31. Dlaczego śpisz?

444 19 16
                                    

*Rok później*

- A więc... Chce zerwać z tobą?- zapytała ucieszona przyjaciółka. 

- Tak mi się wydaje.- mruknęłam, biorąc kolejny kęs kanapki. 

Siedziałyśmy w centrum i czekałyśmy na Dawida, który nas tam ściągnął. Od roku mieszkałam z polską gwiazdą. Fani mnie ciepło przywitali, gdy Dawid przedstawił mnie na jednym z jego koncertów. Mój biologiczny ojciec się nie odzywał, a mafia nie pojawiła się przede mną, ani razu. Miałam szczęśliwe i spokojne życie.  
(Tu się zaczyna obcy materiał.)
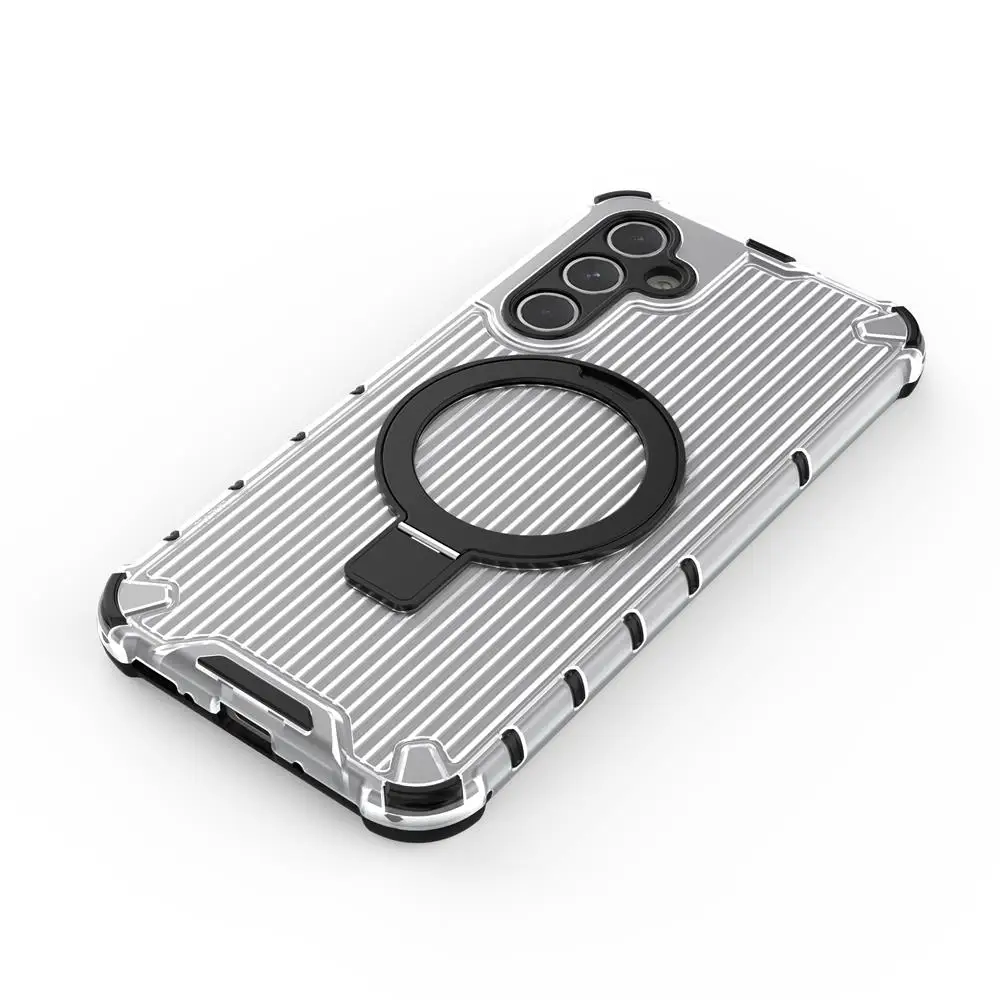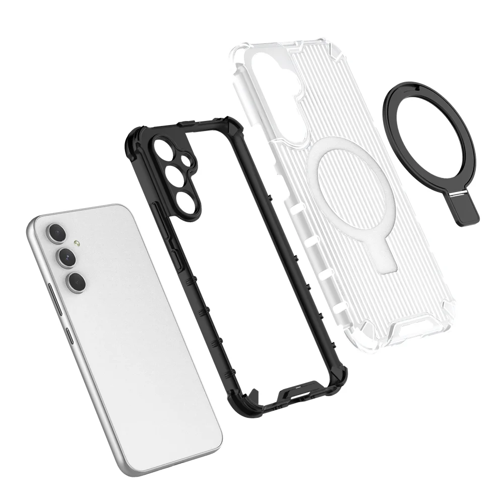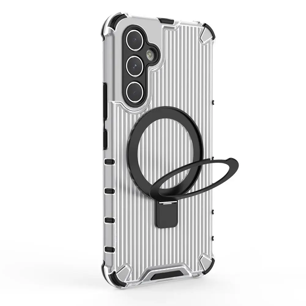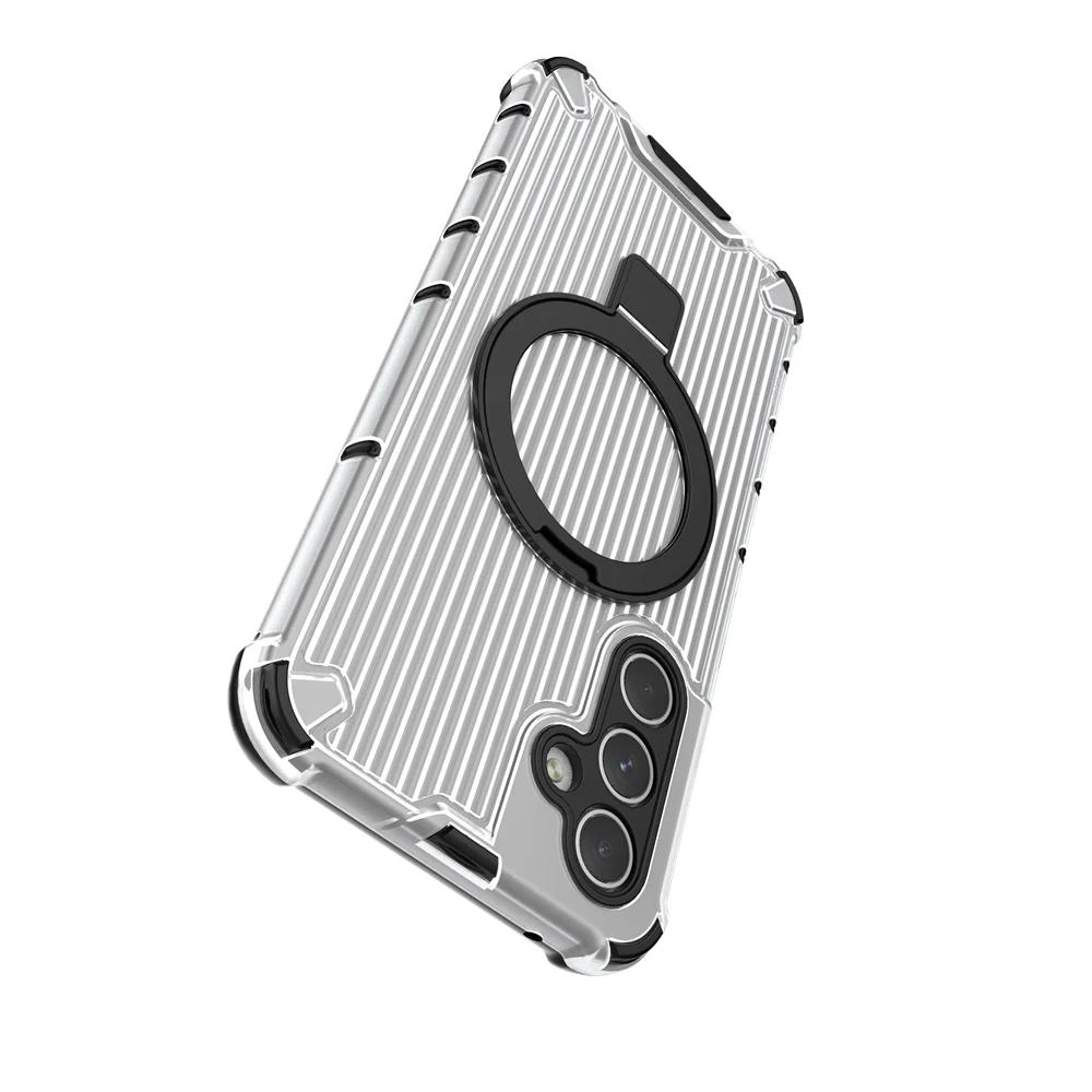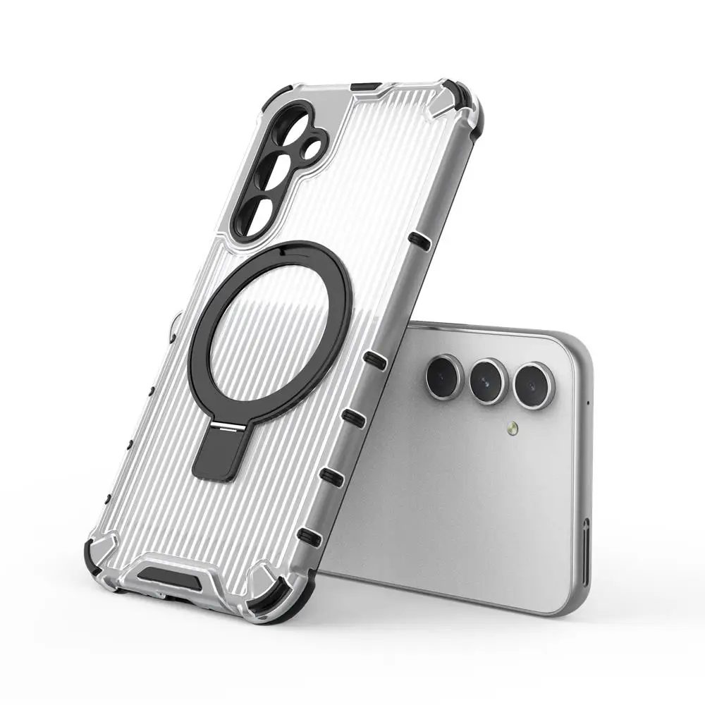 Comprar Funda de teléfono transparente con soporte de Metal magnético corrugado para Magsafe Samsung Galaxy A15 A14 A13 A34 A54 A35 A55 A25 cubierta completa

- Ostatnio zachowuje się dość dziwnie. Cały czas coś ukrywa, nie chce ze mną o tym porozmawiać.

- Może chce się oświadczyć?

- Po roku chodzenia ze sobą?- uniosłam do góry brwi.- No... Nie powiem, że o tym nie myślałam, jednak nie wydaje się to być realne. 

- Więc dlaczego tutaj NAS zaciągnął?

Wzruszyłam ramionami, kończąc kanapkę i strzepując okruszki z palców. 

- Wiesz co?- mruknęła dziewczyna przede mną.- Myślę, że jesteś głupia.

Zaśmiałam się na tyle głośno, że kilka stolików spojrzało na nas. 

- Też cię kocham!

- Idzie.- szepnęła wskazując głową Dawida, który wywołał poruszenie, swoim pojawieniem się, za nim szedł 

Był otoczony przez fanki, które chciały od niego zdjęcie, jednak powiedział, że ma coś ważnego o załatwienia i musi to zrobić teraz.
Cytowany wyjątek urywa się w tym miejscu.